There are also memories she'd like to forget: "Traffic in Atlanta is 12 lanes - it's like L.A. now. I could see CNN [headquarters]and couldn't get to it. ... I used to drive on the shoulder all the time. I was always getting nails in the tires, but I had to get to work!

"I was doing that one day and there was a cop pulled on the shoulder so I had to stop and no one would let me back in. I got out and I was just bananas - I was jumping up and down and yelling and screaming. The cop looked at me like I was behind glass.

"I thought, 'Well, I'm anonymous, he's just going to say, Okay, lady.' But he looks at me and goes, 'Lynne, what are you doing?' I thought, 'Oh my God, this is not going to look good on my résumé!" she recalls with a laugh.

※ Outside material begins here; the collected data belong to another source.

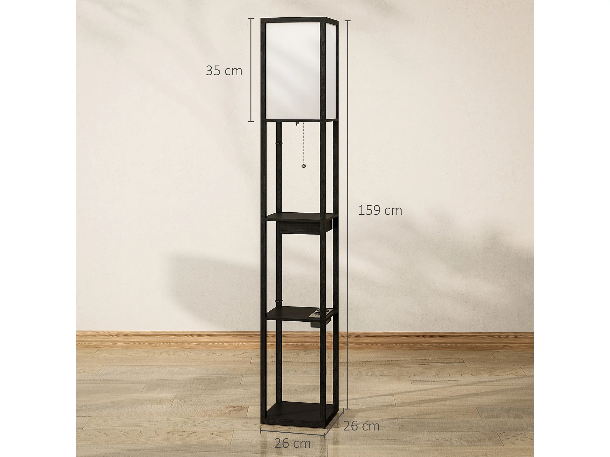 Lampadaire étagères 3 niveaux - interrupteur à tirette - métal MDF noir abat jour tissu blanc
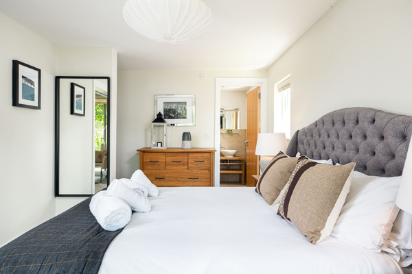 From the master bedroom and sitting area on the ground floor, glass sliding doors open onto a private south facing deck. An inviting wicker lounge set and coal BBQ, overlooking Clearwater Lake and its tranquil surroundings, invites you to bask in nature’s beauty.
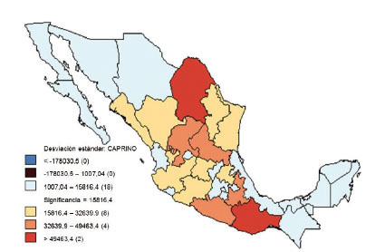 Fuente: estimación propia con OpenGeoDa ver. 0.9.8.14, a partir de datos de la CNOG (2013).En cuanto a la ubicación geográfica, el grupo de la zona norte podría especializarse en la producción de cabrito y cubrir el mercado más importante de este producto que es Monterrey; mientras que, las entidades de la Península, cuya participación en la producción fue casi nula al aportar al año únicamente 0,10% del total, deberían implementar nuevos sistemas productivos y reestructurar los existentes, a fin de impulsar la actividad, y en el futuro integrar las cadenas productivas.
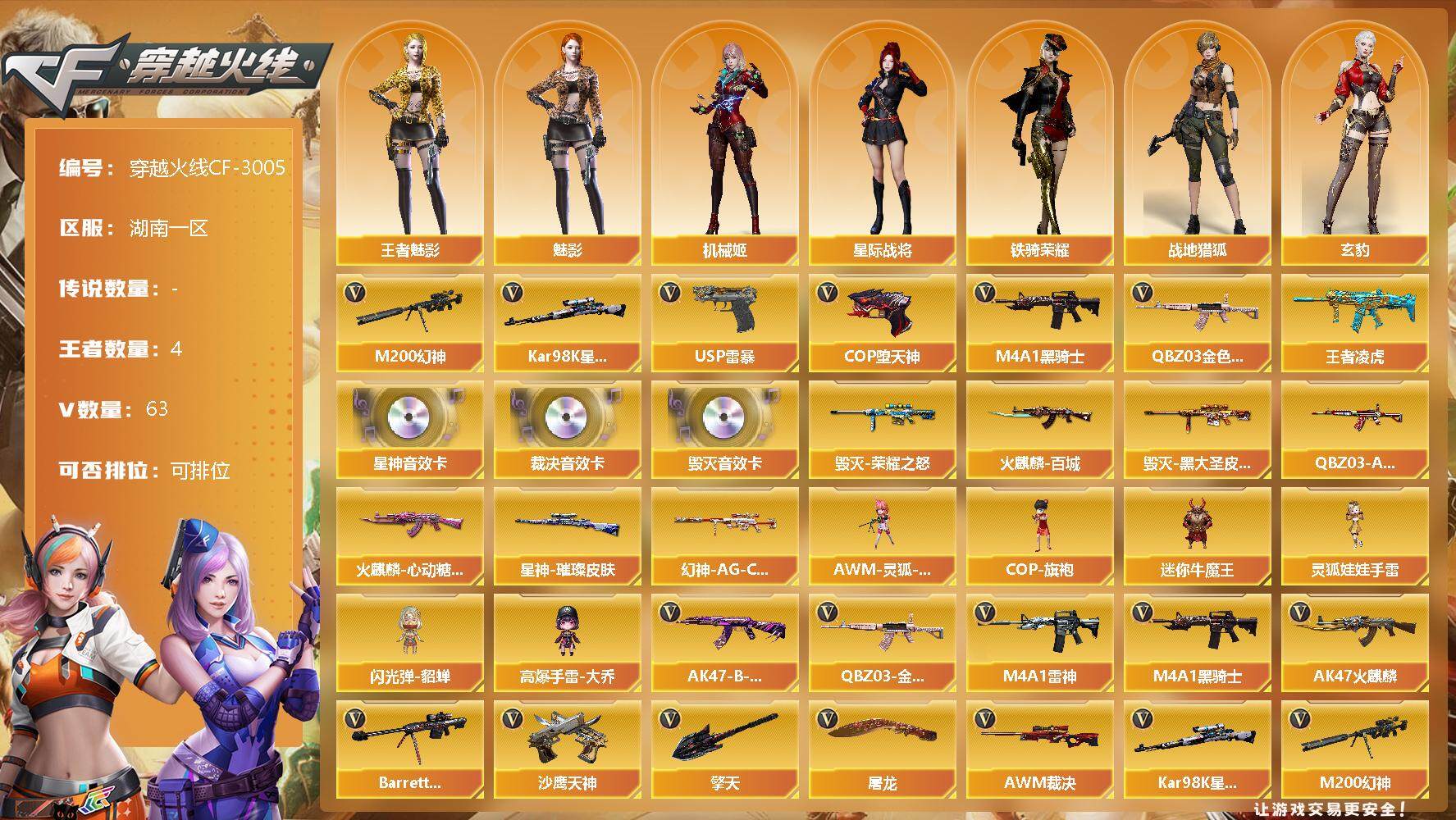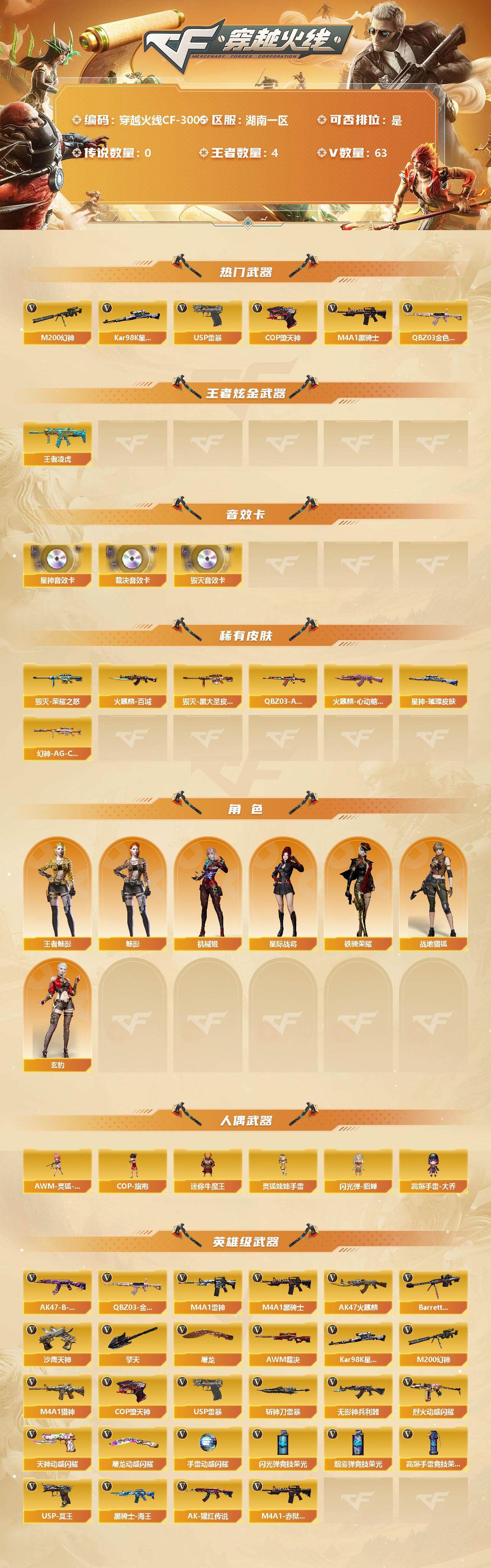 [12873542]湖南一区-63V-4王者-0炫金 【热门武器】:QBZ03-金色蔷薇,M200-幻神,Kar98K-星神,M4A1-黑骑士,USP-雷暴,COP-堕天神 【王者炫金武器】:王者凌虎 【音效卡】:Barrett-毁灭音效卡,AWM-裁决音效卡,Kar98K-星神音效卡 【稀有皮肤】:幻神-AG-CFPL S24冠军 皮肤,星神-璀璨皮肤,QBZ03-AG-CFPLS19冠军,火麒麟-百城,火麒麟-心动糖果,毁灭-荣耀之怒,毁灭-黑大圣皮肤 【角色】:王者-魅影,魅影,星际战将,机械姬,战地猎狐,玄豹,铁骑荣耀 【人偶武器】:AWM-灵狐-15周年嘉年华,COP-旗袍*2,迷你牛魔王,灵狐娃娃手雷,闪光弹-貂蝉,高爆手雷-大乔 【英雄级武器】:AK47-火麒麟*3,M4A1-雷神*2,M4A1-黑骑士,无影-神兵利器,QBZ03-金色蔷薇,M4A1-猎神,烈火-动感闪耀,AK-47-猩红传说,黑骑士-海王,AK47-B-常胜将军,Barrett-毁灭,AWM-裁决*2,M200-幻神,Kar98K-星神,沙鹰-天神*2,USP-雷暴,COP-堕天神,天神-动感闪耀,USP-冥王,屠龙,擎天,屠龙-动感闪耀,斩神刀-雷暴,高爆手雷-竞技荣光,手雷-动感闪耀,闪光弹-竞技荣光,烟雾弹-竞技荣光,M4A1-赤狱骑士 【特殊枪械】:1黑骑士
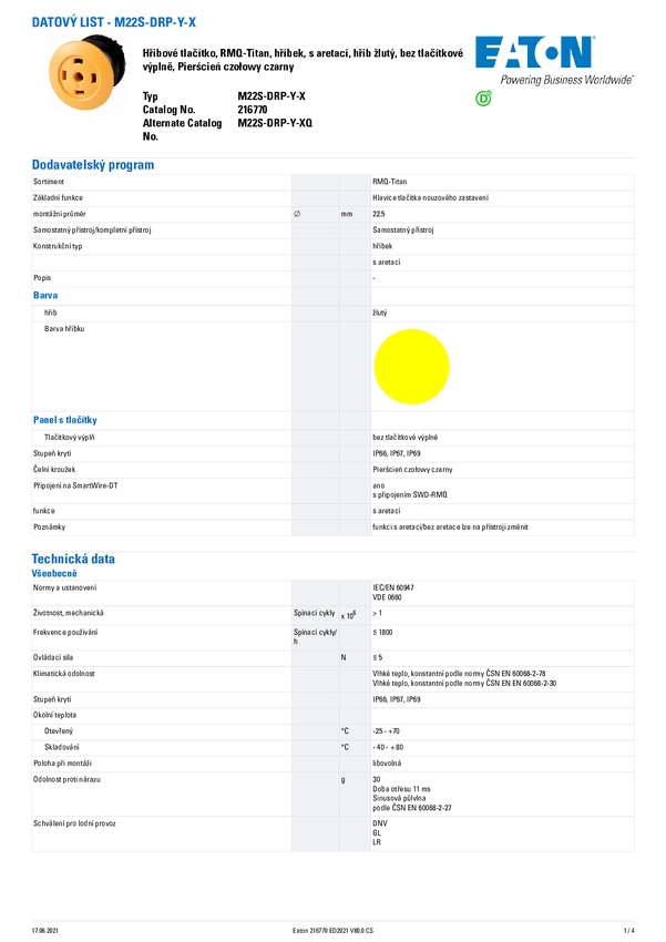 Eaton 216769 M22-DRP-Y-X-GVP Przycisk grzybkowy pierścień przedni z tworzywa sztucznego 1 szt.
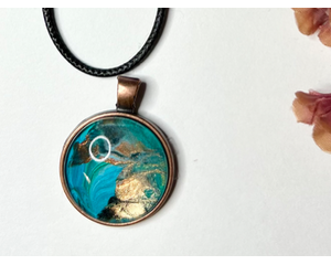 Original Handmade Fluid Art Pendant Necklace, Gold, Blues and...
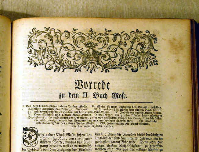 | The complete title for this volume is DIE HEILIGE SCHRIST des ALTEN UND NEUEN TESTAMENTS, nebst einer vollstanigen Ertlarung verselben, welche aus den auserlesensten Anmertungen verschiedener Englandischen Schriststeller zusammengetragen, und zuerst in der fransusischen Sprache an das Licht gestellet, nunmehr aber in dieser deutschen Uebersekung auf das neue durchgeschen, und mit vielen Anmertungen und einer Vorrede begleitet worden von D. Romanus Teller, der Gottesgelahrheit offentlichen Lehrer, des Stists zu Zeig Canonicus, des Konigl, und Chursurstl. Consistorii zu Leipzig Assessor, und ben der Thomastirche Pastor. Der erste Theil, der das erste und andere Buch Mose in sich sasset. Mit Komisch=Kaiserlichen Koniglich=Pohlnischen und Chursacheischen allergnadigsten Privilegiis. The book was more commonly known as Teller's Bibel-Werk (i.e. Bible Book), which is the title engraved on the book's spine. It consisted of a set of nineteen volumes, of which set this is one volume. This volume includes the text of, and commentary on, the first two books of Moses. It is an exigetical (i.e. critical interpretation) study of the Bible. The nineteen volumes of the Bibel-Werk were completed between 1749 and 1770. The book was published at Leipzig by Berlegs Bernhard Christoph Breitkops. The author, Romanus Teller, was born in the year 1703 and died in 1750. He started this project in the year prior to his death, and his son, Wilhelm Abraham Teller (born on 09 January 1734 at Liepzig and died 09 December 1804) continued the project his father had begun. Note the maps and additional illustrations that are exhibited at the bottom of this page. They were included at the very end of the volume. |
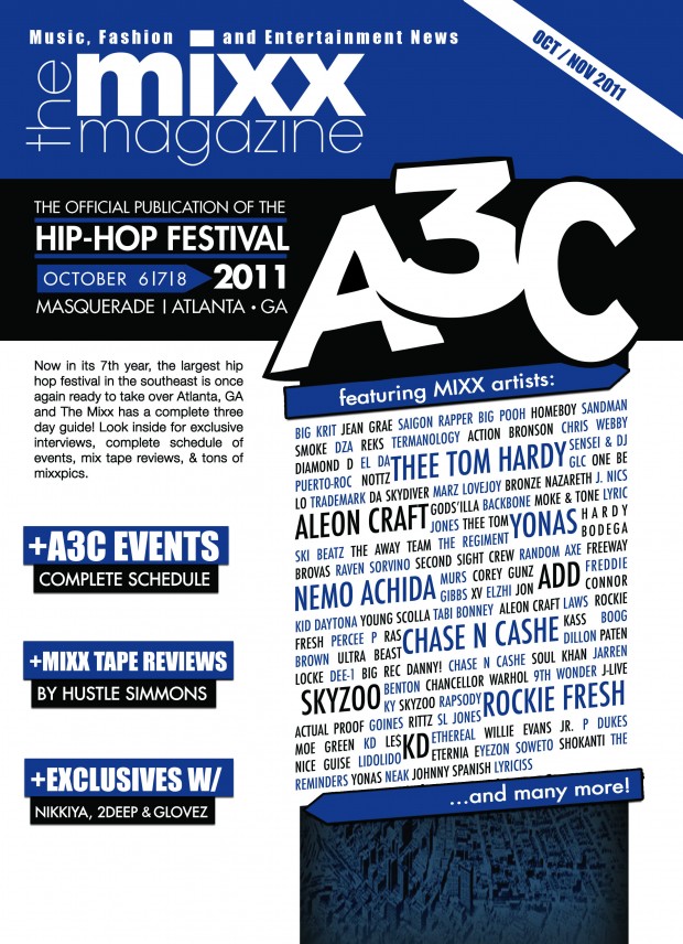 The Mixx Magazine's new issue is dedicated to the 2011 A3C Hip Hop Festival. The issue includes exclusive interviews with A3C performers Aleon Craft, Chase N Cashe, Yonas, Skyzoo, Thee Tom Hardy, KD, Rockie Fresh and A.Dd+. The publication serves as a guide for the 3-day event featuring a complete schedule and highlighting the showcases. There will also be a mixtape review section authored by DJBooth.NET's showcase host Hustle Simmons.
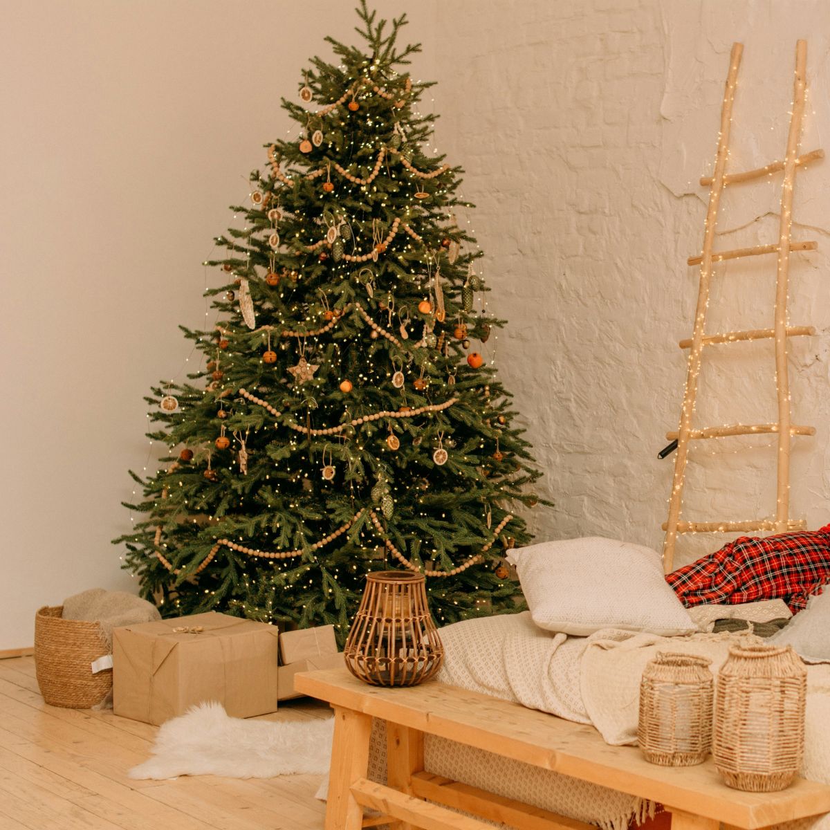 To keep the room cohesive, match the tone of your garland lighting to your tree. Use warm white for warmth, champagne for elegance, or multicoloured for a more fun theme.

For now, she has no plans to part with her Z4. "The car is happy with me. I'm happy with him."

But she might switch it for her dream car - a Jeep Sahara. "If you've got to drive in front of the Ritz - that's my acid test - you've got to drive up in something cool like the Z4 or you go completely out of the range, into something like the Jeep - a Sahara, though ... Something that really makes a statement. You can off road, put the top down, or wear an evening gown and it still looks great."